Страшные слова! Напустить и поветрие модно, и стрелы, и самую моровую язву, оспу-златеницу, всякую другую лихую болесть. А Ерема все плетет из слов тенетник:

– Куроклик я слышал, куроклик! Беда, коль курица петухом поет. Чую напасть неминучую, пролетит над Семижоновкой вскорости птица Юстрица!

Непонятное во сто крат сильней страшит.

– Юстрица?! – заробел мужик, а Ерема так и бьет словами:

 
На море на Окияне,
На острове на Буяне
Сидит птица-Юстрица.
Она хвалится-выхваляется,
Что все видала,
Всего много едала:
И царя в Москве,
Короля в Литве,
Старца в келье,
Дитя в колыбели…
 

– Смерть… – догадался мужик, а Ерема кивнул:

– Смерть! Была, ох была беда, мимо проходила, упредить упредила, да не вняли мы!

– Чему не вняли? – разинул мужик рот да глаза, а Ереме лишь того и надобно:

– Припомни-ка, Митреюшко, что содеялось с Никифором да Степанидой, соседями твоими?

– Известное дело! – хмыкнул Митрей. – Огненный Змей к Степаниде наведался, с чего и родила она черненькую кикимору.

– Так, так, – кивает Ерема. – А припомни свадебку их…

Митрей собрал кожу на лбу складками, но, сколь ни тужился, ничего более вспомнить не мог.

– А волчье сердце помнишь? – вкрадчиво подсказал Ерема.

– Какое сердце, прости меня Господи?!

– То самое, что молодым поперек пути бросили!

Не помнил Митрей никакого сердца, какое бросали бы под ноги Никифору со Степанидой, чтобы навлечь на них беду, но тут подскочила Ненила, бабенка лукавая, и на язык и на действо лихая, из тех, о ком говорят: «Лукавую жену в ступе не утолчешь!»

– А я помню, помню! – затараторила она. – Иссуши меня Господь, как маковое зернышко, ежели вру. Напущено было на них!

Напущено… опять это проклятое слово. Митрей содрогнулся:

– Кто ж Лиходей этот?

– Не иначе угорь-рыба ему подвластна, – нарочно уходит от ответа Ерема. – На утренней зорьке выметнется она на берег и ходит-перескакивает по росе версты на три. Смывает-сбрасывает с себя все свои лихие болести на пагубу человеку. Хитер угорь-змей водяной, злобен. На жало ему запрет наложен на веки вечные за великие прегрешения, но попади отравленная им роса на человека или коня…

– A-a! – взревел Митрей, и Ерема мысленно перекрестился: «Ну наконец-то дошло до тебя!» – Извели коня?! Лопни мои глаза, развались утроба на десять частей, если не извели!

Пожал плечами знахарь, устремил вдаль загадочный взор… заметил это Митрей, сгреб Ерему за ворот:

– Говори, что знаешь!

– Что, что… – высвободился быстроглазый Ерема. – Сам примечай. Не выл ли твой пес накануне, не рыл землю возле конюшни? Жался ли пес к тебе, Митрей, в глаза заглядывал? Может, лаял он на конька с непривычной злобой?

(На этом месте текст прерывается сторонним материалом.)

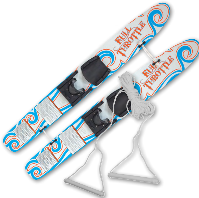
TRAINER SKIS UNIVERSAL 330000-702-999-16
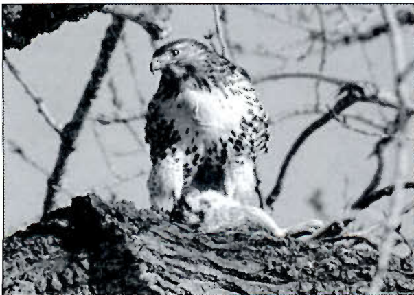
Red-tailed Hawk with cottontail rabbit prey at Montrose Harbor, Cook County. 25 January 2005.

imm., Urbana, 15 Dec & 16 Feb (EC); imm., Sand Rdg, 29 Dec & 27 Jan (AS, DFS); imm., Meredosia (Morgan Co), 14 Dec (SDB, MW, PW, HDB); imm., Mundelein (Lake Co) visiting suburban backyard daily, mid-Nov- 28 Feb (SDB,SD).
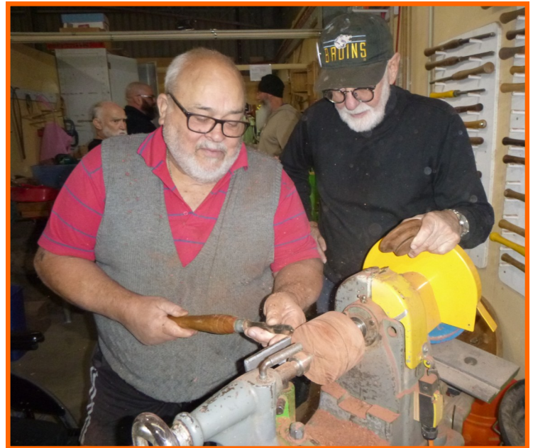
There are no mistakes in woodworking until you run out of wood.
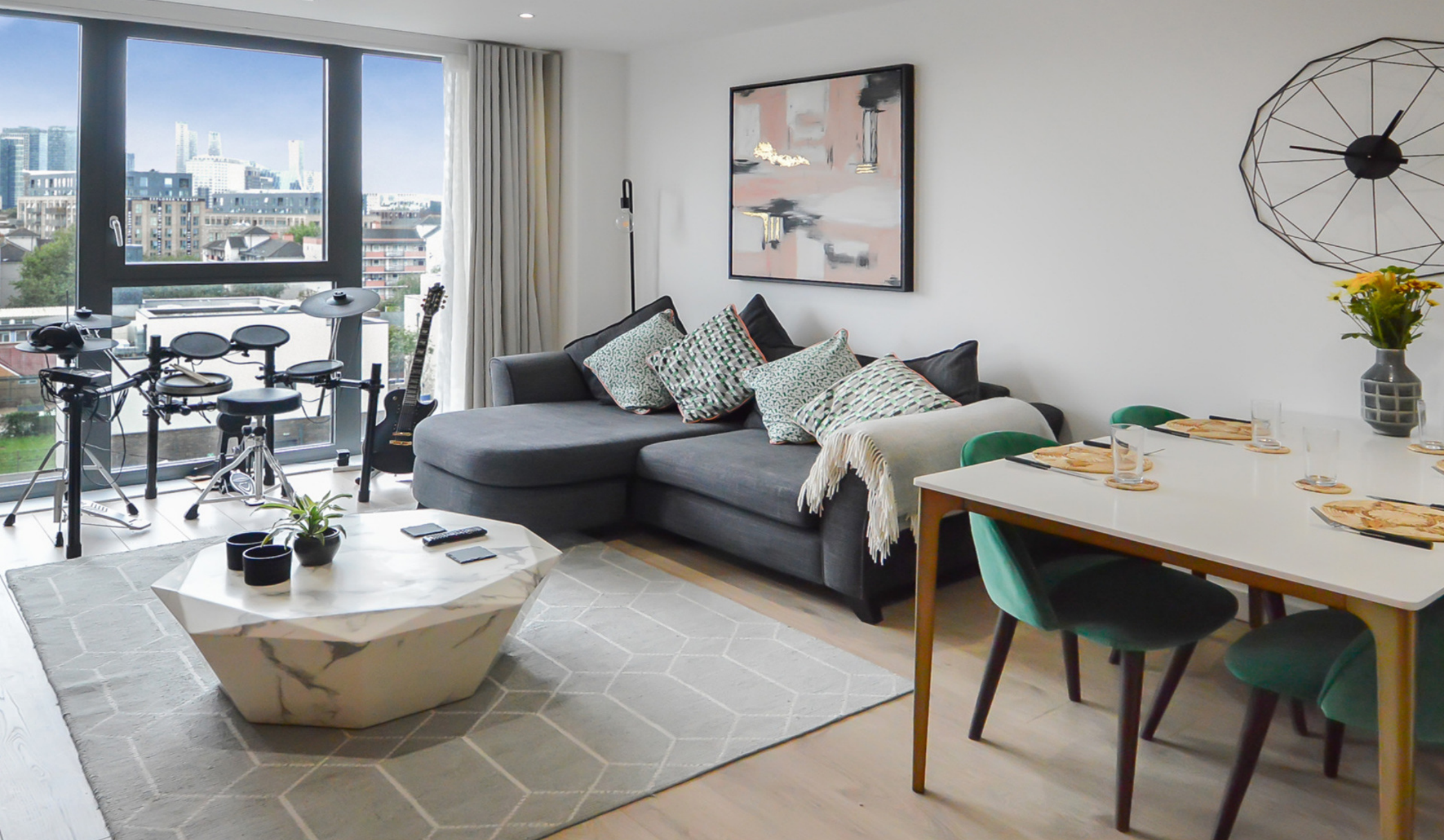
DUESBURY HOUSE E3 1 bedroom apartment
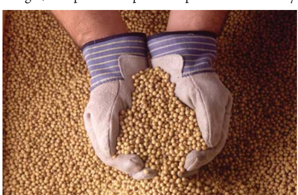
2 http://www.bloomberg.com/apps/news?pid=20601103&sid=aL W8VZBkP3PA#

Farmers that plant purchased, conventional soybeans in 2010 will have a seed-to-soybean price ratio of about 3.6, taking into account the average $1.00 per bushel premium paid for non-GE soybeans.
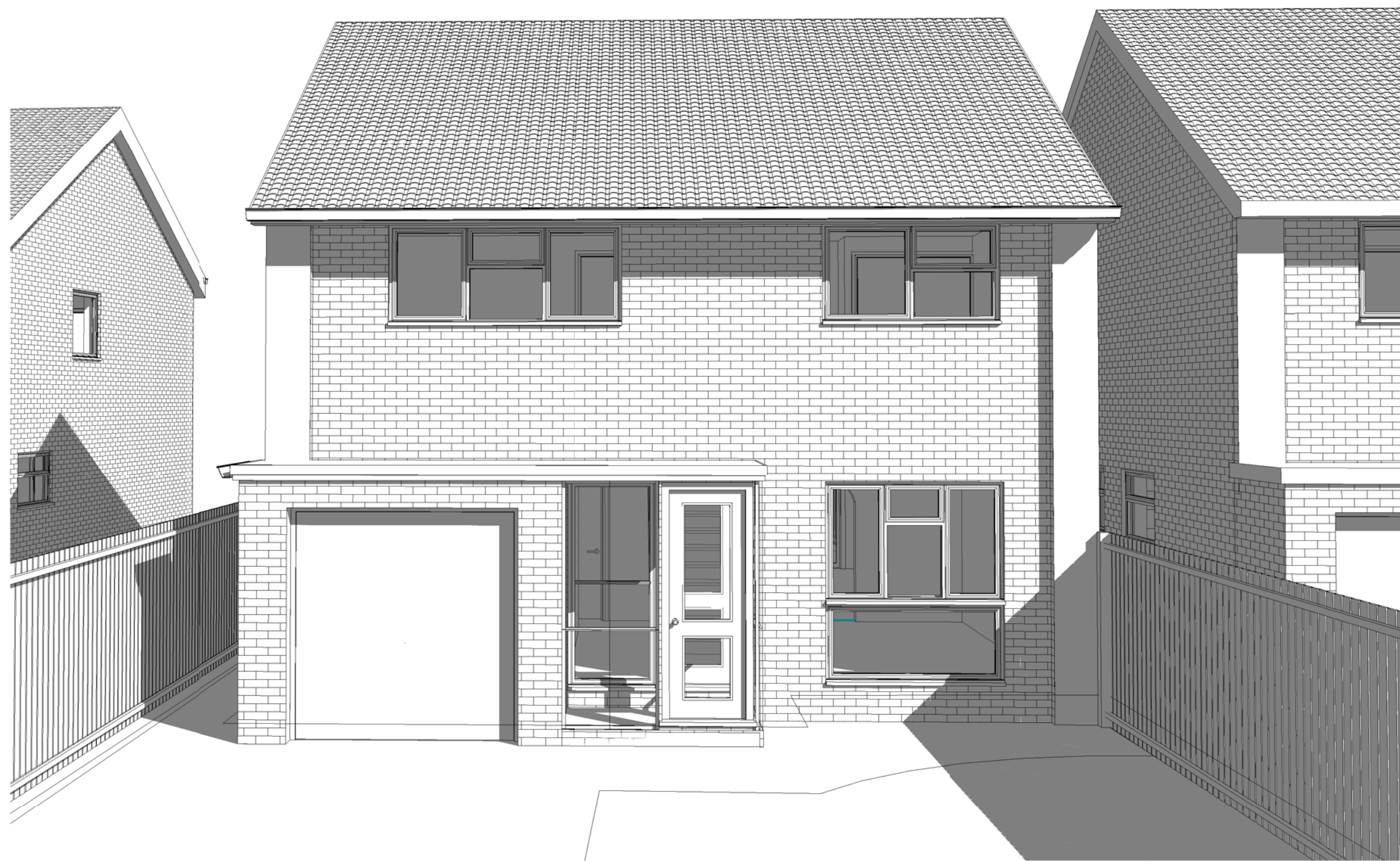
3 Existing View 1
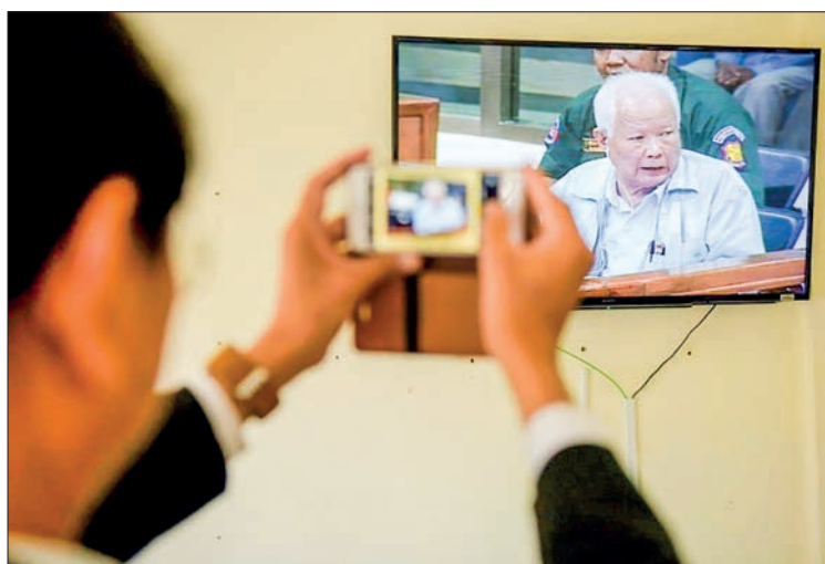
Khieu Samphan, pictured in 23 June 2017, was given a life sentence in 2018 for genocide against ethnic-minority Vietnamese by the Extraordinary Chambers in the Courts of Cambodia (ECCC).

A UN-backed tribunal in Cambodia trying former Khmer Rouge leaders over the 1970s genocide in the country upheld on Thursday a lower-court sentence of life imprisonment against Khieu Samphan, the radical communist regime's former head of state.
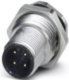
Flush-type connector, 4-position, Flush-type plug, straightLink:M12, A-coded, Solder pins

Please be informed that the data shown in this PDF Document is generated from our Online Catalog. Please find the complete data in the user's documentation. Our General Terms of Use for Downloads are valid ( http://download.phoenixcontact.com )

– Было, было! С места не встать, света белого не видать! – ретиво подтвердила Ненила, и Митрей тоже кивнул.

– Стало, по первой примете, чуял пес вскорости покойника, по второй – несчастье пророчил, по третьей – указывал, чьи дни сочтены.

– Как же это, Еремушка? Пес ведал про скорую беду, а ты нет? Или пес знатки[3] прозорливее? – завела Ненила плаксиво, да Ерема цыкнул на нее:

– Будь виновником человек лихой, я б его сразу распознал, раньше всякой собаки! А тут… Кто псу первый недруг?

Задумался Митрей. Кто же? Кошка? Но Ненила уже сообразила: 1.

– Волк!

Заскреб в затылке Митрей: I

– Нет, Ерема, это уж ты хватил! Неужто волк на моего Бурка лихую болесть напустил? Такое только в сказках бывает!

Ничего не ответил Ерема. Прижмурил черные быстрые глаза свои и завел будто бы под нос, словно и не заботясь, слышит его кто или нет:

– Завяжи, Господи, уста и язык колдуну и колдунье, ведуну и ведунье, упырю и волкодлаку, чтоб на честной народ зла не мыслили…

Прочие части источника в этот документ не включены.